By 31 Luglio 2022No Comments

“Agata per te questa è l’ultima consegna, lo so stasera ne hai fatte poche, ma non è colpa mia se la gente ordina sempre meno.”
Le parole di Silvio, il titolare della pizzeria per la quale insieme ad altre ragazze facevo le consegne la sera, erano a quell’ora più che prevedibili, ma del resto finita la pandemia tutti quanti preferiva uscire invece che ordinare la pizza d’asporto, ed i guadagni fatti durante il look-down erano un lontano ricordo.
Nel presente c’erano invece diverse centinai d’euro di pagamenti da fare, compreso l’affitto della stanza nella quale vivevo, e anche se sapevo che i miei m’avrebbero dato i soldi necessari per mettermi a pari, non avevo intenzione di pesare loro più di quanto stessi già facendo.
Così presi la pizza maxi che ancora fumava dentro il cartone, e presa ma mia Aygo con più kilometri dell’equatore, mi diressi verso l’indirizzo della consegna.
Mentre guidavo verso la nuova zona residenziale appena fuori dal centro, iniziai a fare un breve bilancio della mia vita.
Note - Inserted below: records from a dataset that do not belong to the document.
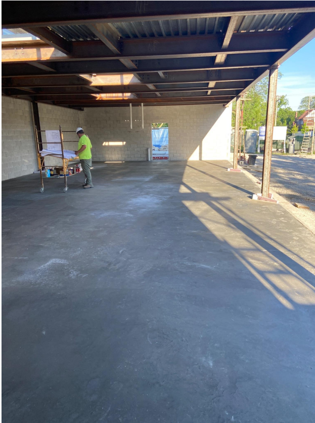
Media Center Addition
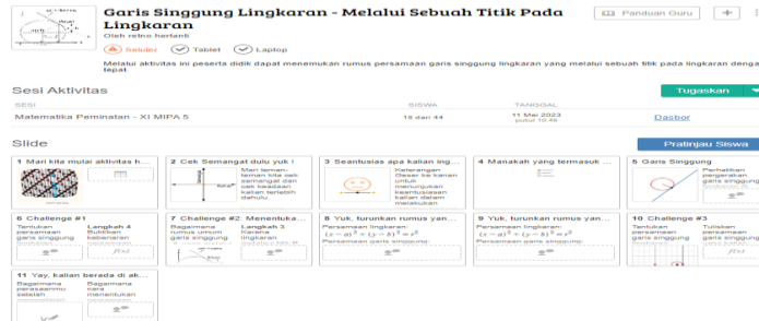
Figure 3. Students' worksheet Cycle II

divided into ten groups, with students themselves choosing groups, each group consisting of 2 or 4 people.
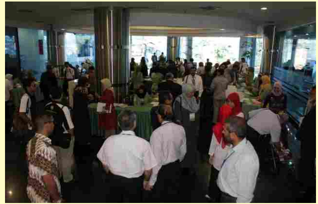
A view of reception hall, the officials busy with registration of delegates
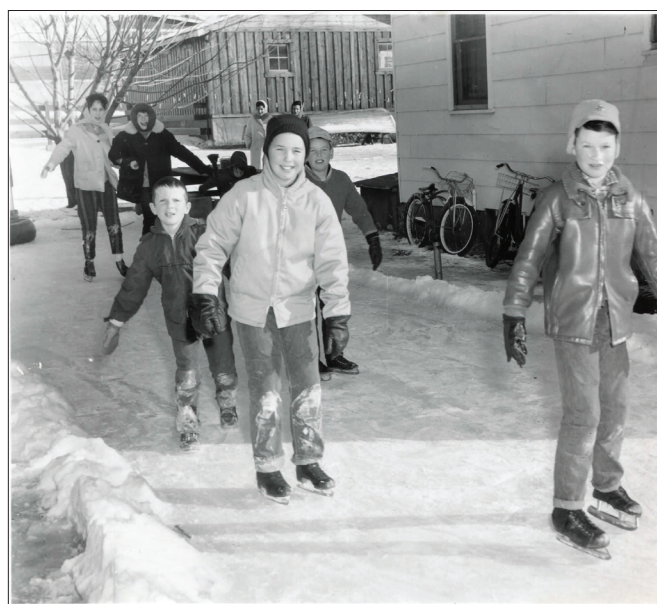
Wallowa County Chieftain, File

A wage scale has been adopted by the Wallowa county farm bureau. It is considerably lower than last year but the products of the farms and ranches have decreased in value so much that it is impossible for farm owners to employ any help. The scale is as follows: Common farm laborer, $40/month and board; Cooks, $30/month
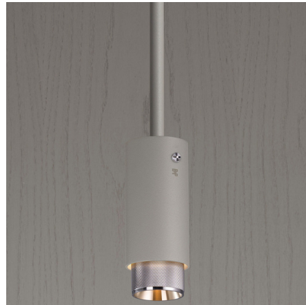
Shown in stone / steel

The Exhaust Pendant features the Buster + Punch signature linear or cross pattern knurl baffle that captures light and creates a delicate metallic glow. An included honeycomb filter emits a precise, non-glare, directional spotlight. Available with a Graphite or Stone finish and matching flush canopy complemented by a variety of baffle finishes. Note: Not all finish combinations are available.
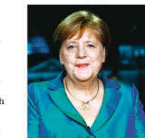
German Chancellor Angela Merkel gives a New Year's speech at the Chancellery in Berlin, Germany

"So we have to do everything humanly possible to overcome this human challenge. It is still possible," Merkel said. "At 65, I am at an age at which I personally will no longer experience all the consequences of climate change for what I believe in for politicians do not act," the Chancellor said. "It will be our children and
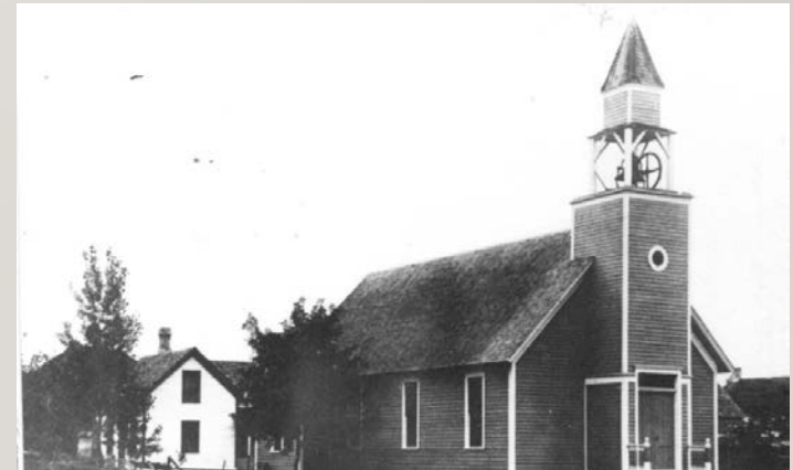
Becker Episcopal Church

Avevo raggiunto la capitale con tanti bei sogni nel cassetto, oltre che una laurea in scienze della comunicazione ottenuta col massimo dei voti, ma gli unici lavori che ero riuscita ad ottenere, erano stati di quelli di ‘ragazza delle ripetizioni’, oltre a quello in pizzeria. A dire il vero di altre proposte ce n’erano anche state, ma ricevute tutte insieme a qualche mano che s’allungava un po’ troppo, e pur non essendo una verginella alle prime armi, me n’ero sempre andata sbattendo la porta. del resto mi consideravo una ragazza più che normale, forse un po’ più alta rispetto alla media, e con un seno che non arrivava alla seconda piena, tanto da farmi girare come quella sera senza nulla sotto la maglietta. In compenso mi ero sempre detta d’avere un bel sedere, non uno di quelli che si notano subito, ma con un bel tanga facevo sempre la mia signora figura.

Quasi senza rendermene conto arrivai alla villetta della consegna, e dopo aver parcheggiato la mia utilitaria, suonai un paio di volte al portone.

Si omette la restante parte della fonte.